Dataset extract:

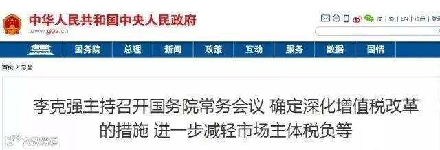 国务院总理李克强3月28日主持召开国务院常务会议,确定深化增值税改革的措施,进一步减轻市场主体税负。
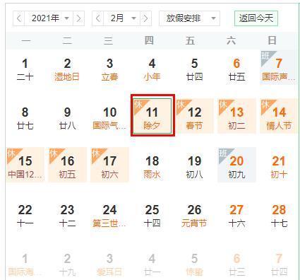 公历2021年中,农历除夕是2月11日
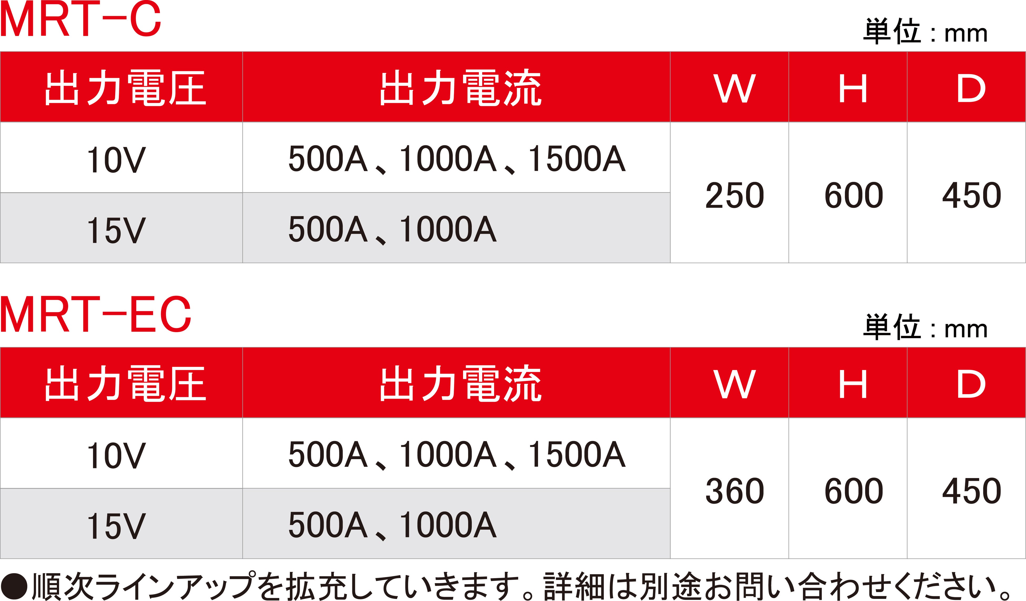 MRT-C:スタンダードモデル、MRT-EC:高効率モデル
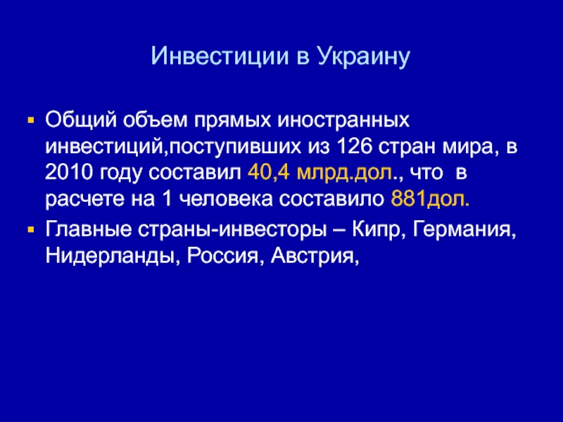 Главные страны-инвесторы – Кипр, Германия, Нидерланды, Россия, Австрия,
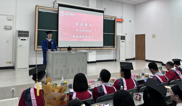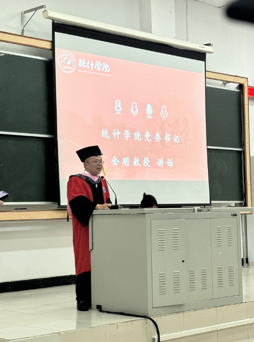 金明书记向学有所成、即将迈向人生新阶段的统计学子们送上诚挚的祝贺和美好的祝福。他以分享本院本届3位优秀毕业生的案例来引出学院致力于全员全程全方位进行人才培养的重要性:本科和研究生期间,始终保持对学习的激情和热爱,硕士期间连续三年学习成绩名列专业第一,多次获得国家级、省级科研奖项,并在研三获得了国家奖学金和四川省优秀毕业生两份殊荣的吴丹同学、在读研期间认真学习,积极参与导师的课题,并通过重重挑战,考上了西南财经大学理论经济学方向的博士生,继续追求学术梦想的龙一萍同学、已年满50岁继续保持学习的激情状态并收获人生“大四喜”(研究生顺利毕业、顺利退休、顺利考上西部计划、儿子高考取得高分)的王雪同学。他深情寄语2024届研究生们继续保持学习热情的重要性,鼓励毕业生们无论选择深造还是步入职场,都要保持对知识的渴望和追求,不断进步,学会感恩,珍惜身边的每一个人和每一次机会。他祝愿大家在未来的道路上勇往直前,为推进中国式现代化建设贡献统计学子的智慧和力量,学院是统计学子们永远的坚实后盾。
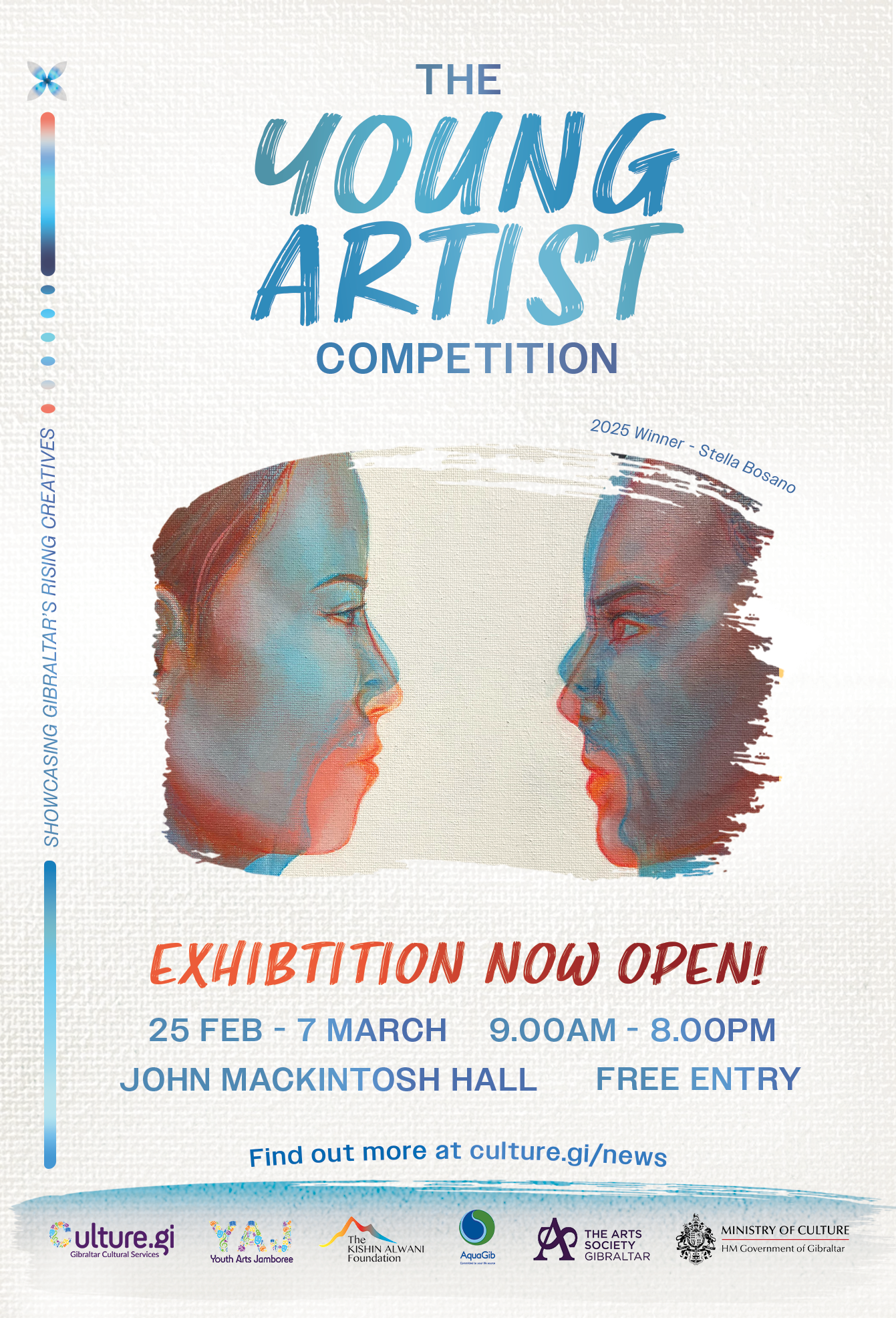 The annual Competition for Young Artists, organised by Gibraltar Cultural Services on behalf of the Ministry of Culture, is being held at the John Mackintosh Hall. This competitive exhibition is part of the annual Youth Arts Jamboree.
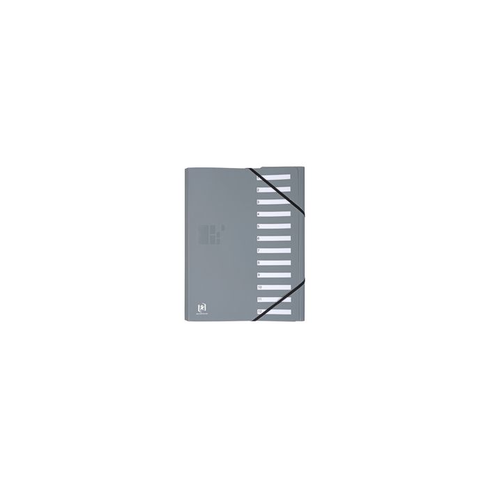 Oxford for Business Trieur, A4, compartiment 1-12, gris en PP, 12 compartiments - numéroté, fermeture élastique sur les côtés, le dos s'agrandit en fonction du contenu, pochette intérieure, feuille spéciale pour index (400033688)

Problem to solve: Every word of the data should be reproduced exactly; please omit any pictures.

Result of the exercise:
 国务院总理李克强3月28日主持召开国务院常务会议,确定深化增值税改革的措施,进一步减轻市场主体税负。
 公历2021年中,农历除夕是2月11日
 MRT-C:スタンダードモデル、MRT-EC:高効率モデル
 Главные страны-инвесторы – Кипр, Германия, Нидерланды, Россия, Австрия,
 金明书记向学有所成、即将迈向人生新阶段的统计学子们送上诚挚的祝贺和美好的祝福。他以分享本院本届3位优秀毕业生的案例来引出学院致力于全员全程全方位进行人才培养的重要性:本科和研究生期间,始终保持对学习的激情和热爱,硕士期间连续三年学习成绩名列专业第一,多次获得国家级、省级科研奖项,并在研三获得了国家奖学金和四川省优秀毕业生两份殊荣的吴丹同学、在读研期间认真学习,积极参与导师的课题,并通过重重挑战,考上了西南财经大学理论经济学方向的博士生,继续追求学术梦想的龙一萍同学、已年满50岁继续保持学习的激情状态并收获人生“大四喜”(研究生顺利毕业、顺利退休、顺利考上西部计划、儿子高考取得高分)的王雪同学。他深情寄语2024届研究生们继续保持学习热情的重要性,鼓励毕业生们无论选择深造还是步入职场,都要保持对知识的渴望和追求,不断进步,学会感恩,珍惜身边的每一个人和每一次机会。他祝愿大家在未来的道路上勇往直前,为推进中国式现代化建设贡献统计学子的智慧和力量,学院是统计学子们永远的坚实后盾。
 The annual Competition for Young Artists, organised by Gibraltar Cultural Services on behalf of the Ministry of Culture, is being held at the John Mackintosh Hall. This competitive exhibition is part of the annual Youth Arts Jamboree.
 Oxford for Business Trieur, A4, compartiment 1-12, gris en PP, 12 compartiments - numéroté, fermeture élastique sur les côtés, le dos s'agrandit en fonction du contenu, pochette intérieure, feuille spéciale pour index (400033688)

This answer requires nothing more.